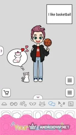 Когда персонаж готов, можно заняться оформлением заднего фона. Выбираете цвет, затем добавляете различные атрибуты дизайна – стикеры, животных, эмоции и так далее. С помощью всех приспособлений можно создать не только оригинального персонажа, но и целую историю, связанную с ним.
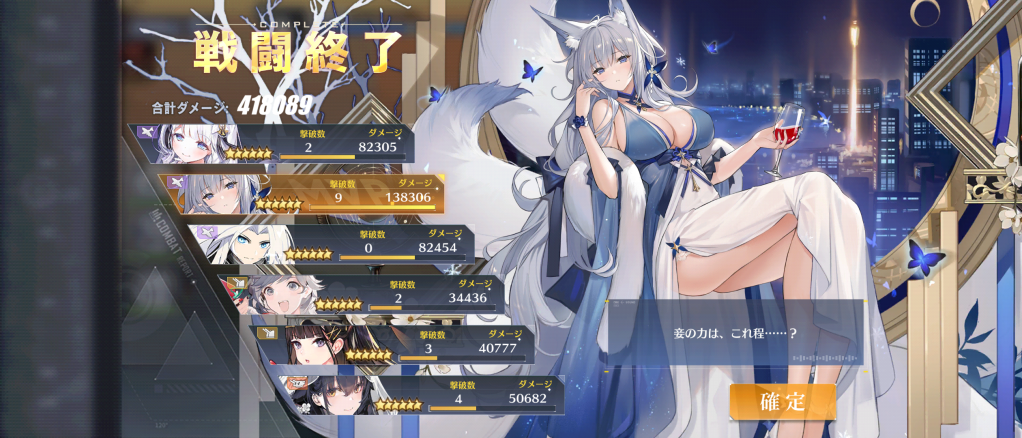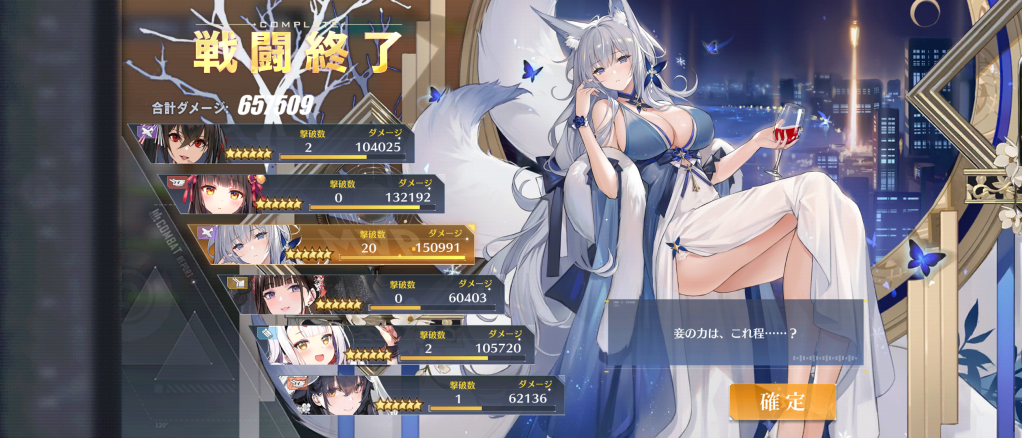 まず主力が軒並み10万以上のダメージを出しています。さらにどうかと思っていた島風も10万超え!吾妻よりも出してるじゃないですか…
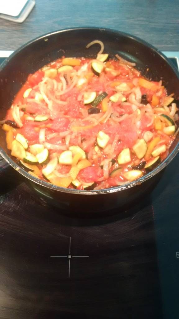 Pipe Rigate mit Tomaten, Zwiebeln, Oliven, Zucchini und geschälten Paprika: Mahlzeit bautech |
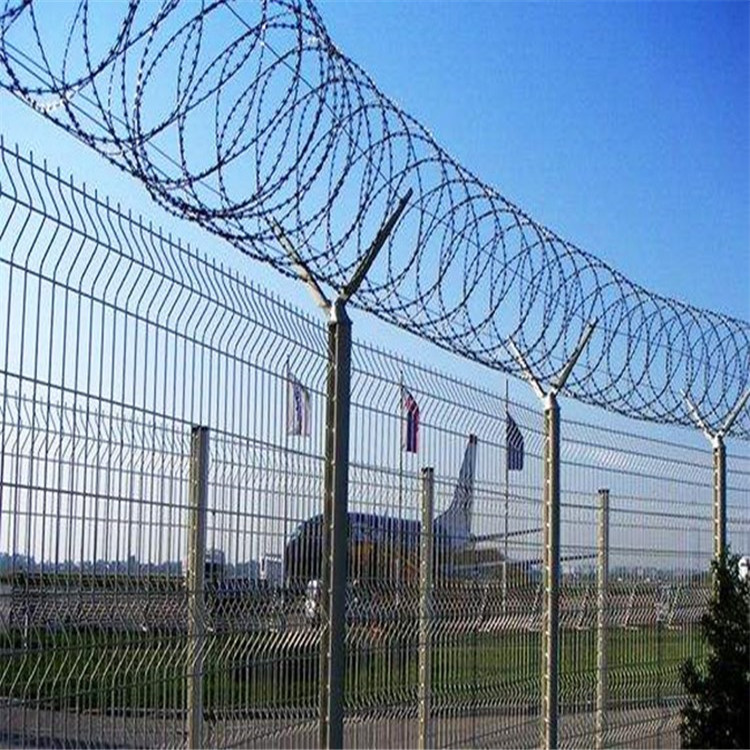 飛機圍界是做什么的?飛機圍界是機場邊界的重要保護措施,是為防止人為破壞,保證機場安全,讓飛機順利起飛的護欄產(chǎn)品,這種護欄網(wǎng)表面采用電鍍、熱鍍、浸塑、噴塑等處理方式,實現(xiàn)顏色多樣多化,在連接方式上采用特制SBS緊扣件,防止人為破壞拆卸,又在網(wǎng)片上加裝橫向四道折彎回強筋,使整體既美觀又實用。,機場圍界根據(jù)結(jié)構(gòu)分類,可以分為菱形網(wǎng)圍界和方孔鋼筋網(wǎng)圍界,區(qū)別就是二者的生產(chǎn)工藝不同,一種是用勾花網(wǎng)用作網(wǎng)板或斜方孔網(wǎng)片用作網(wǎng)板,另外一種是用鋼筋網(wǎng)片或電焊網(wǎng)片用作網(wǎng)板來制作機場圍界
= = = =
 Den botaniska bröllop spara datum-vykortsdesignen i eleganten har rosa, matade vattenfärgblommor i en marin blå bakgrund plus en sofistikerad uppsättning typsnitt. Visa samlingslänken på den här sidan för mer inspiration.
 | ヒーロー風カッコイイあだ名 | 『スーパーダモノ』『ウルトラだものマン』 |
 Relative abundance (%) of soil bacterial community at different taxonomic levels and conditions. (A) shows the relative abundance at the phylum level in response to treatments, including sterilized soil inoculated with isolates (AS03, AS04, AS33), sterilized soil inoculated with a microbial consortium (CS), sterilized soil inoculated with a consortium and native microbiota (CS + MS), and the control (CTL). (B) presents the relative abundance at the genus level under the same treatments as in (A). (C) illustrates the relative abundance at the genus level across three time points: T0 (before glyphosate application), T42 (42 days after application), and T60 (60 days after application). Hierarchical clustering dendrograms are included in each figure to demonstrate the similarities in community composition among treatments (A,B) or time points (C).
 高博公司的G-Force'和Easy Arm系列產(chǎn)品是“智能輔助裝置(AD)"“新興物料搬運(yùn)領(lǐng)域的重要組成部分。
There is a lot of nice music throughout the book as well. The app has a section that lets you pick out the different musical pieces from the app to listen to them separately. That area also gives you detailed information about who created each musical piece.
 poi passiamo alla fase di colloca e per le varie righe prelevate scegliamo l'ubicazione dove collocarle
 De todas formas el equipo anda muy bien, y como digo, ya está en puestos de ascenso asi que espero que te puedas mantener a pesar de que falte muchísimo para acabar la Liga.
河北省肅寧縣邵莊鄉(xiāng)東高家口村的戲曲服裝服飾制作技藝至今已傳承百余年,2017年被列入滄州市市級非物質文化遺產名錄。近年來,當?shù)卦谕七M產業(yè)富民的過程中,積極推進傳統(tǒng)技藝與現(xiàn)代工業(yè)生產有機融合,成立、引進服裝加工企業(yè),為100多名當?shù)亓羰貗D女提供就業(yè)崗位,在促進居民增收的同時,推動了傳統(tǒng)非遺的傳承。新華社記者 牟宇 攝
= = = =
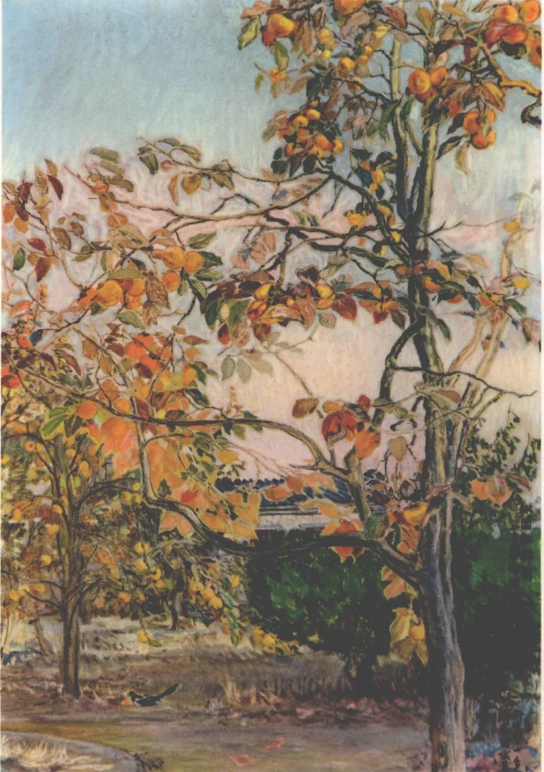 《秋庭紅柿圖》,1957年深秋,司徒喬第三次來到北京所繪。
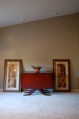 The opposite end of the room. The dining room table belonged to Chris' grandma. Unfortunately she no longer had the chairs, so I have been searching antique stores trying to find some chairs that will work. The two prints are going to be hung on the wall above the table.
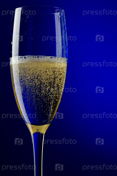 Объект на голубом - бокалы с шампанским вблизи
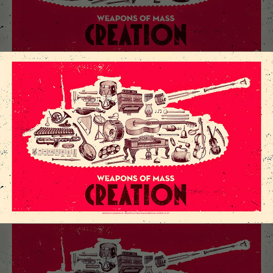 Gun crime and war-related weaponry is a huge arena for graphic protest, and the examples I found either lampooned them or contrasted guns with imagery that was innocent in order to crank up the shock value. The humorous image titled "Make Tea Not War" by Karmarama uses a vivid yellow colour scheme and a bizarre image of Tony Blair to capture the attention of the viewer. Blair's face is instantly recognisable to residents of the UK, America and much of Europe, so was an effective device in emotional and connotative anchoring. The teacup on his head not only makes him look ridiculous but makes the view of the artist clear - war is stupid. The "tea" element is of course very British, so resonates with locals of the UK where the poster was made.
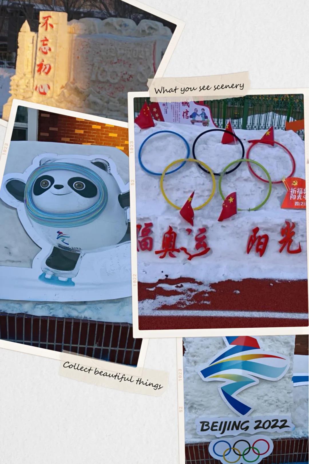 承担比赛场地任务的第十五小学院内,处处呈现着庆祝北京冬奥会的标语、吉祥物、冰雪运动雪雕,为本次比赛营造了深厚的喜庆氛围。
= = = =
» TASK OBJECTIVE
All that should be printed is the run of lines above from the one with "Когда персонаж готов, можно" through the one with "まず主力が軒並み10万以上の", both included, exactly as given, with pictures left out.

» SOLUTION BELOW
 Когда персонаж готов, можно заняться оформлением заднего фона. Выбираете цвет, затем добавляете различные атрибуты дизайна – стикеры, животных, эмоции и так далее. С помощью всех приспособлений можно создать не только оригинального персонажа, но и целую историю, связанную с ним.
 まず主力が軒並み10万以上のダメージを出しています。さらにどうかと思っていた島風も10万超え!吾妻よりも出してるじゃないですか…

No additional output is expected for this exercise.